_Try it_
A verbatim reproduction of the lines below, from the line containing "JR4 : GRAFITO" through the line containing "La copertina del libro.", both ends included, is the whole required output.

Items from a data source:
________________________________________

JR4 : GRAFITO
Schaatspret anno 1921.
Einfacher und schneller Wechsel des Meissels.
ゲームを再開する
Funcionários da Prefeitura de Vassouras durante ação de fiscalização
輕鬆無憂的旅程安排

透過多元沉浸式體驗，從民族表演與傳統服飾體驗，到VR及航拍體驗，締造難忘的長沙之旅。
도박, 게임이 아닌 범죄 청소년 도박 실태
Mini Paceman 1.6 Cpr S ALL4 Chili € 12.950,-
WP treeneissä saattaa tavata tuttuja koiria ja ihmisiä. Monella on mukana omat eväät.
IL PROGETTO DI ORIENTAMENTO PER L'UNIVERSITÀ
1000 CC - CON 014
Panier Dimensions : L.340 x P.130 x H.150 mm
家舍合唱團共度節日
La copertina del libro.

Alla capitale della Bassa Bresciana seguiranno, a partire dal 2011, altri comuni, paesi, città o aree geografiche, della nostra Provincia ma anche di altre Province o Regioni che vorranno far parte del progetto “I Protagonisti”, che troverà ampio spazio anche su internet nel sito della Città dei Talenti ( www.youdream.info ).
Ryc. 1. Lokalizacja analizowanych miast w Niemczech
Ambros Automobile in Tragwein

________________________________________

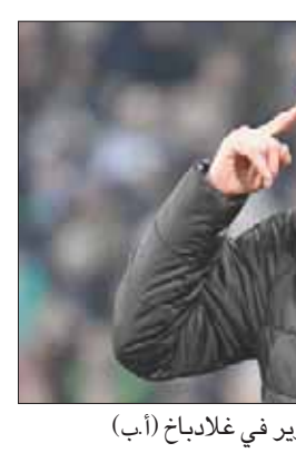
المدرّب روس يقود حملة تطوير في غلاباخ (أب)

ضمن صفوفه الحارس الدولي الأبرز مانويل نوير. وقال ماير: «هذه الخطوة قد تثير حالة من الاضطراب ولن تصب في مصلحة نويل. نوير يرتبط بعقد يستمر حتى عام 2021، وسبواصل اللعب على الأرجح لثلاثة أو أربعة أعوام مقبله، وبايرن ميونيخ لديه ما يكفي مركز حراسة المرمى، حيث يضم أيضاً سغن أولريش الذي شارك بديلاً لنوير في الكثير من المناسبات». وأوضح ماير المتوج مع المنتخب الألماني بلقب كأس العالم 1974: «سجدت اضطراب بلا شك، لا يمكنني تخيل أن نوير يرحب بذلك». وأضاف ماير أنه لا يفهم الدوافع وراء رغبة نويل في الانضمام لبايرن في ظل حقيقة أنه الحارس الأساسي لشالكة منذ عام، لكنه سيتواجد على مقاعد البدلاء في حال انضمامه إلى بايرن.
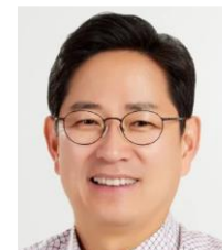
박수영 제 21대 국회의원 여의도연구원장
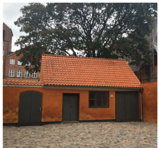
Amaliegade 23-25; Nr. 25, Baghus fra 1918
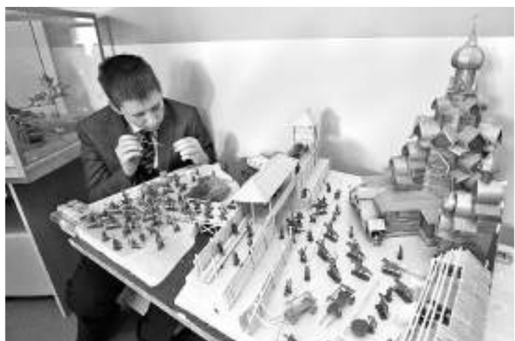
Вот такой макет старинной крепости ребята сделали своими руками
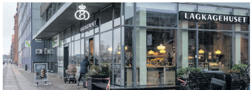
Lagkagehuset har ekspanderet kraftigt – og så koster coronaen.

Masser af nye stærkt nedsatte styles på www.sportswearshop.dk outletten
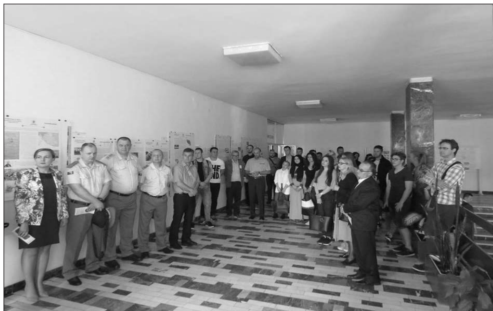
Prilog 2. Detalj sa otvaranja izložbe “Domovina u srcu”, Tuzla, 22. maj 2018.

________________________________________

_Response box_
JR4 : GRAFITO
Schaatspret anno 1921.
Einfacher und schneller Wechsel des Meissels.
ゲームを再開する
Funcionários da Prefeitura de Vassouras durante ação de fiscalização
輕鬆無憂的旅程安排

透過多元沉浸式體驗，從民族表演與傳統服飾體驗，到VR及航拍體驗，締造難忘的長沙之旅。
도박, 게임이 아닌 범죄 청소년 도박 실태
Mini Paceman 1.6 Cpr S ALL4 Chili € 12.950,-
WP treeneissä saattaa tavata tuttuja koiria ja ihmisiä. Monella on mukana omat eväät.
IL PROGETTO DI ORIENTAMENTO PER L'UNIVERSITÀ
1000 CC - CON 014
Panier Dimensions : L.340 x P.130 x H.150 mm
家舍合唱團共度節日
La copertina del libro.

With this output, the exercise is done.